In Denmark, where landscape painting was a favourite genre, impressive and original work was done by Jens Juel (1745-1802), N. A. Abildgaard (1743-1809) and Christopher Wilhelm Eckersberg (1783-1853). Eckersberg in particular influenced the next generation of painters. About 1800 the Copenhagen Academy attracted many German painters, among them the neo-classicist A. J.1 Carstens and the Romantic artists P. O. Runge and C. D. Friedrich. Christen Kobke (1810-58) took up the inheritance of C. W. Eckersberg, and among a large number of lesser artists the names of Vilhelm Marstrand (1810-73) and Kristian Zahrtmann (1843-1917) may be mentioned. Two notable figures at the end of the 19th c. were Vilhelm Ham-mershoi (1864-1916) and Peter Severin Kroyer (1851-1909), the latter a practitioner of Impressionism. Joakim Skovgaard (1856-1916) renewed the art of monumental religious painting (frescoes in Viborg Cathedral).

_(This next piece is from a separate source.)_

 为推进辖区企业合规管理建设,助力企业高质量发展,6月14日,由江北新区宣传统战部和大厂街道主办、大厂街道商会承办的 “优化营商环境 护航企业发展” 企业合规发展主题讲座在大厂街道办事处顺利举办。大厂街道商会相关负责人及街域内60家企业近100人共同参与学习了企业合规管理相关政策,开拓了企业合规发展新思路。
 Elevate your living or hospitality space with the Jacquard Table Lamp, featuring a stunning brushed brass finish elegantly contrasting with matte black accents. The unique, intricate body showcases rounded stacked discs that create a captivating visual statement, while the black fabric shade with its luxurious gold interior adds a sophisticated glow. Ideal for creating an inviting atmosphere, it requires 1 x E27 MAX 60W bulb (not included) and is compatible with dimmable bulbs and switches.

Scandinavia has played a prominent role in 20th c. architecture. During the 1920s and 1930s a close to the earth style of architecture was popular family houses, terraced houses, the bakkehuse (hill houses) of the Danish architect Ivar Bentsen (1876-1943). The international Functionalism of Gunnar Asplund (1885-1940), however, made increasing headway, with such buildings as the exhibition halls for the Stockholm Exhibition of 1930 (light, airy structures of glass and steel), Stockholm Municipal Library (1924-7) and an extension of Goteborg (Gothenburg) Town Hall (1934-7). Sven Markehus built the Concert Hall in Helsingborg (1936). The ideas of the Swedish Arts and Crafts Association on modern design were the starting point of a distinctive Scandinavian school of interior decoration and the design of everyday articles and utensils.

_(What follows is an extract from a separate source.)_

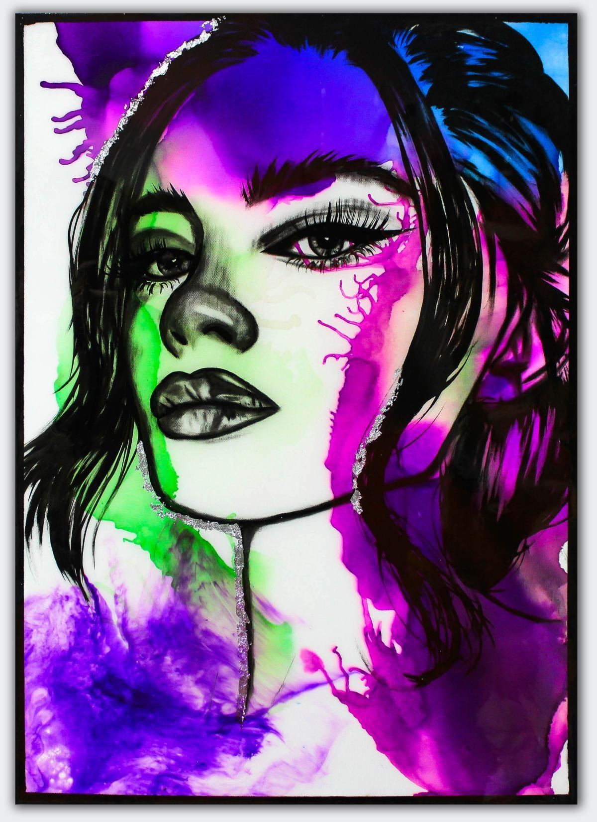 Artist: Hen Maman. Medium: Original Painting with Alcohol ink, acrylic, and epoxy rasin on Canvas. Title: Shahar. Size (Unframed): 27.5" x 20". Certificate of Authenticity: Is included. Additional: Stretched and ready to hang. Reference# 15994.

The basic types of housing developed in Sweden were various forms of tower block (Orebro, 1948-50; Danviksklippen, by S. Backstrom and L. Reinius, 1945). The best known of Stockholm’s satellite towns is Vallingby.

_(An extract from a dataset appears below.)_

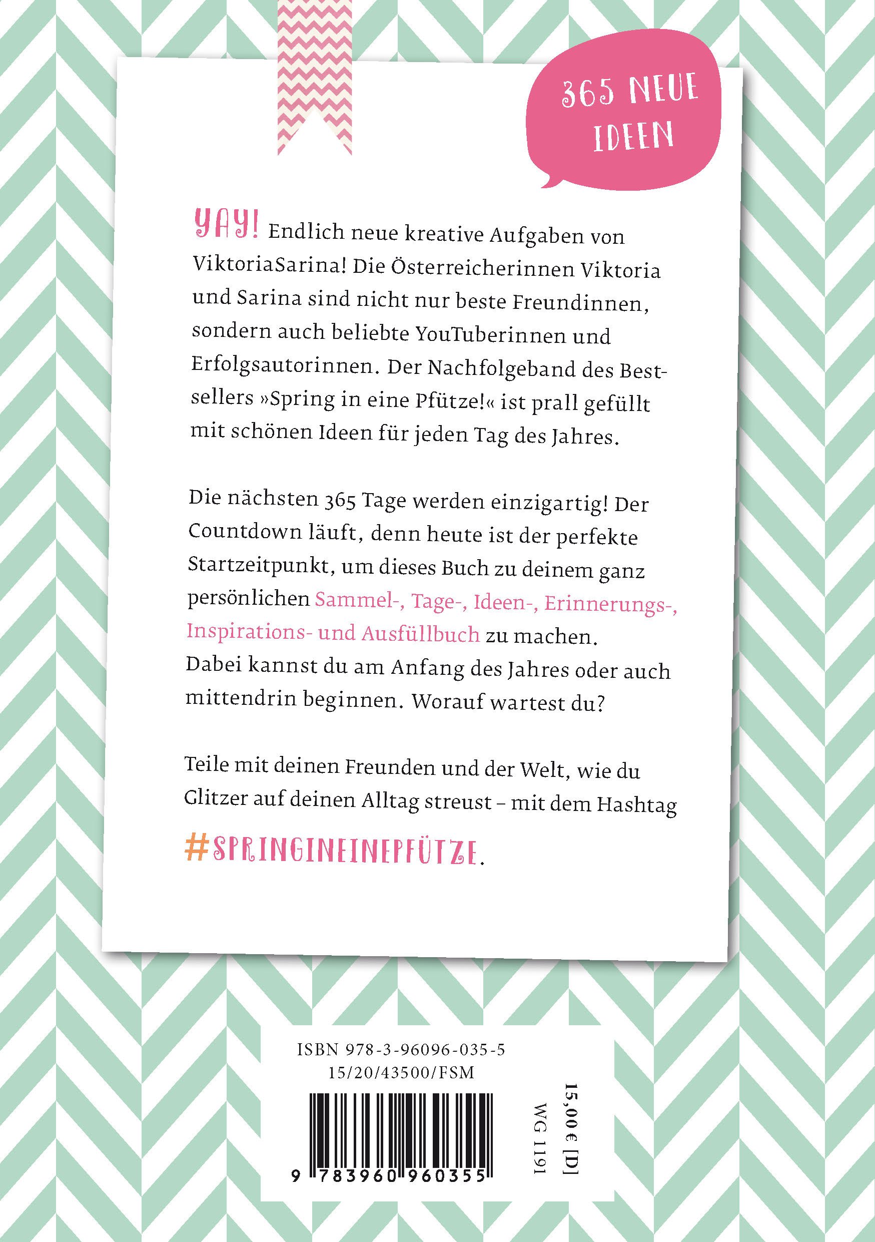 Endlich neue kreative Aufgaben! Der Nachfolger von "Spring in eine Pfütze" bietet ganz neue bunte Ideen für weitere 365 einzigartige, kreative Tage.Der zweite Band des Bestsellers "Spring in eine Pfütze" knüpft an das Erfolgsrezept des ersten Bandes an und bietet weiteren Stoff für die zahllosen Fans des Mitmachbuchs. Die Community bekommt für jeden Tag neue kreative Ideen, DIYs und Anleitungen, die sie weiterhin auf Instagram unter #springineinepfuetze teilen kann. Die neuen Aufgaben sind die perfekte Motivation, um Verrücktes, Buntes und Fröhliches auszuprobieren. Typisch ViktoriaSarina eben.Freude und Kreativität sind über einen langen Zeitraum garantiert!

Perhaps the best known Danish architect was Arne Jacobsen (1902-71), who was responsible for new town halls at Arhus (1941) and Mainz (1969).
Among leading Danish sculptors of the 20th c. are Robert Jacobsen (b, 1917), who works in metal; Kai Nielsen (1882-1924), creator of a new monumental style; Bengt Sorensen (b. 1923), Gunnar Westmann (b. 1915) and Svend W. Hansen (b. 1922). The youngest generation of sculptors follows current post-war trends.